### Work instructions
Transcribe nothing except the lines below that run from the one with "لا يمكن استبعاد" to the one with "FIG. 93. Suncho", ends included, and do not copy any picture.

### Data excerpts
-*-*-

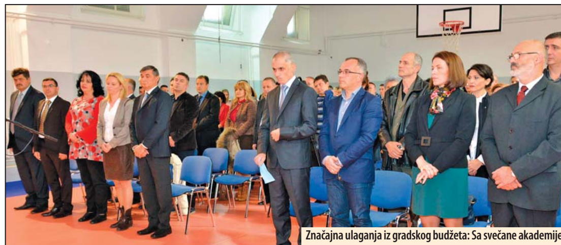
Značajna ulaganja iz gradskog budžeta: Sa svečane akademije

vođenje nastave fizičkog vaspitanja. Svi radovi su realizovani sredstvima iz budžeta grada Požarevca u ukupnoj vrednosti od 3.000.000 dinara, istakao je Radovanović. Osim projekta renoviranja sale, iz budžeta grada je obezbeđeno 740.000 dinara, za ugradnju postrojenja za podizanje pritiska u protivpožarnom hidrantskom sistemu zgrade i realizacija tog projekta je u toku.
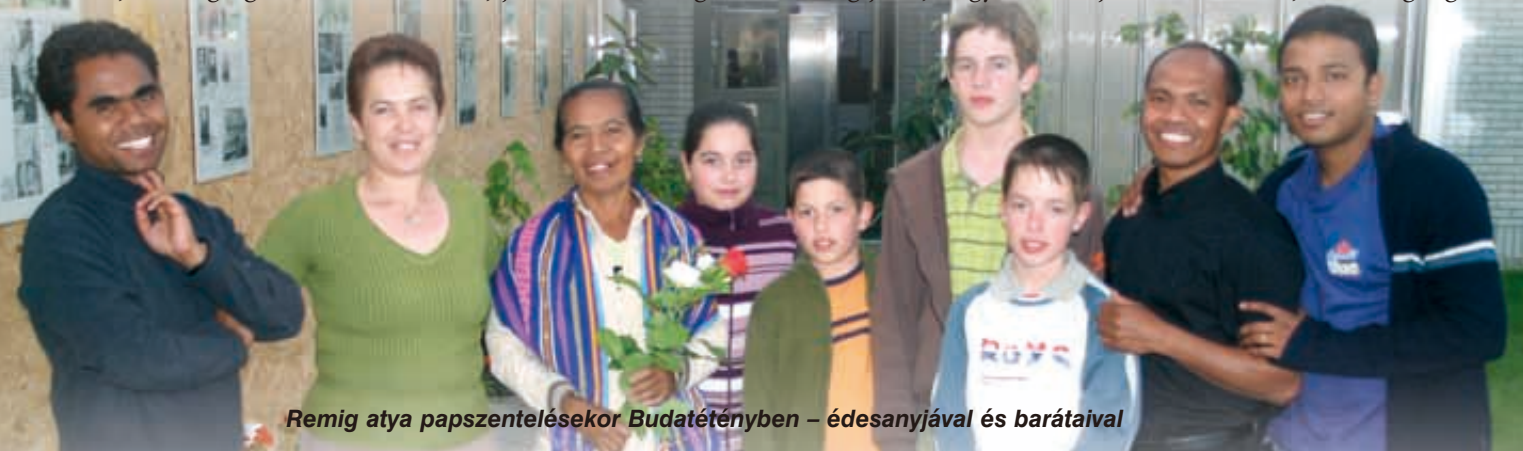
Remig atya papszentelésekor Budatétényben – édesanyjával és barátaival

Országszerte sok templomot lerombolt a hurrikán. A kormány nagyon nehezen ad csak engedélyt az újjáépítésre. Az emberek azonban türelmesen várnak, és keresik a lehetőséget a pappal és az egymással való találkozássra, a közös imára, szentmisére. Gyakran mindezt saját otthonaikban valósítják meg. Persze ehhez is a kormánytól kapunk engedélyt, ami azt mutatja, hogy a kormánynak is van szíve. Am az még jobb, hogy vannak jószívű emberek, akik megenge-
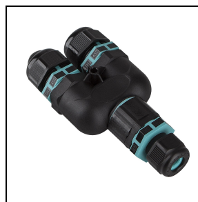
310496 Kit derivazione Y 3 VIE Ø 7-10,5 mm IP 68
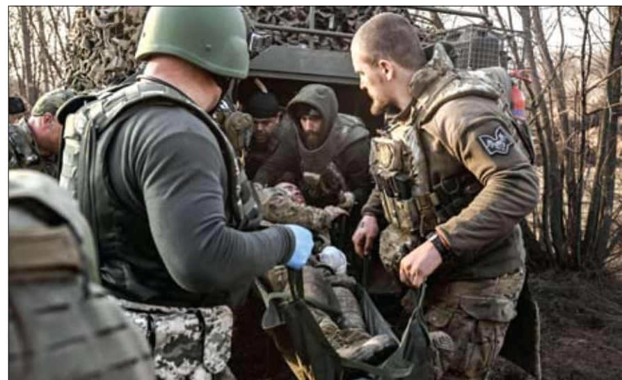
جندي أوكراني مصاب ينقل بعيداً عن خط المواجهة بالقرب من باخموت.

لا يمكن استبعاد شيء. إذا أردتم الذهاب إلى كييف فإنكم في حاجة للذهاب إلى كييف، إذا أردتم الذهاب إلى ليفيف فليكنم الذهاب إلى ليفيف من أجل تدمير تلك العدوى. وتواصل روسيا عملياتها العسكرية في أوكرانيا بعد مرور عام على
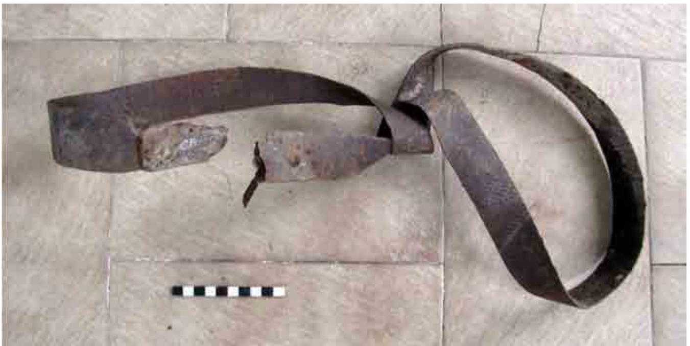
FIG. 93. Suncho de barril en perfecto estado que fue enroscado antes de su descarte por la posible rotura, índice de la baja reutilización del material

-*-*-

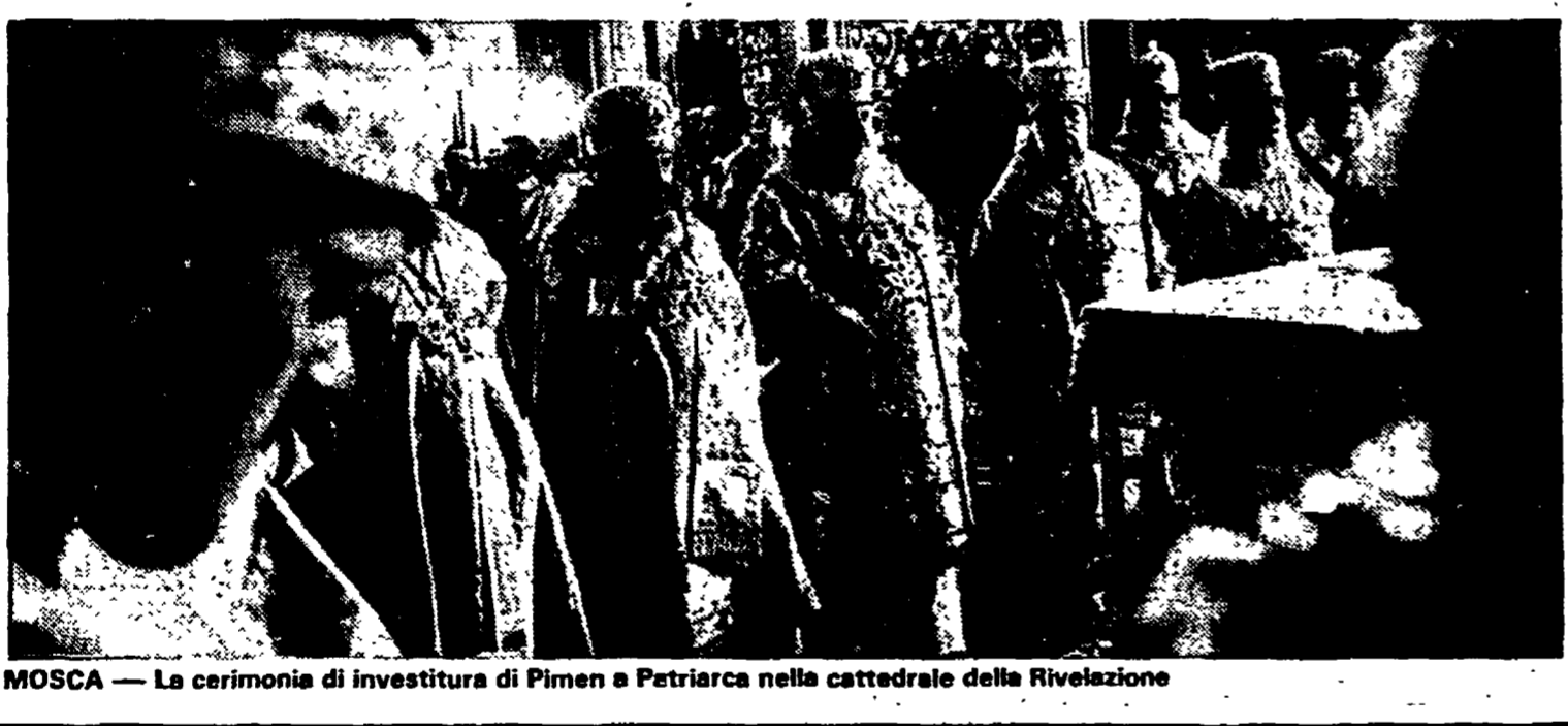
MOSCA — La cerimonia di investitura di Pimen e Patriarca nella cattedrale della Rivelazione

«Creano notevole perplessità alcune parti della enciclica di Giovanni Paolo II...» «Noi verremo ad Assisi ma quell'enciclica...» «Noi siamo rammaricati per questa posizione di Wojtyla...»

-*-*-

### Solved problem
لا يمكن استبعاد شيء. إذا أردتم الذهاب إلى كييف فإنكم في حاجة للذهاب إلى كييف، إذا أردتم الذهاب إلى ليفيف فليكنم الذهاب إلى ليفيف من أجل تدمير تلك العدوى. وتواصل روسيا عملياتها العسكرية في أوكرانيا بعد مرور عام على
FIG. 93. Suncho de barril en perfecto estado que fue enroscado antes de su descarte por la posible rotura, índice de la baja reutilización del material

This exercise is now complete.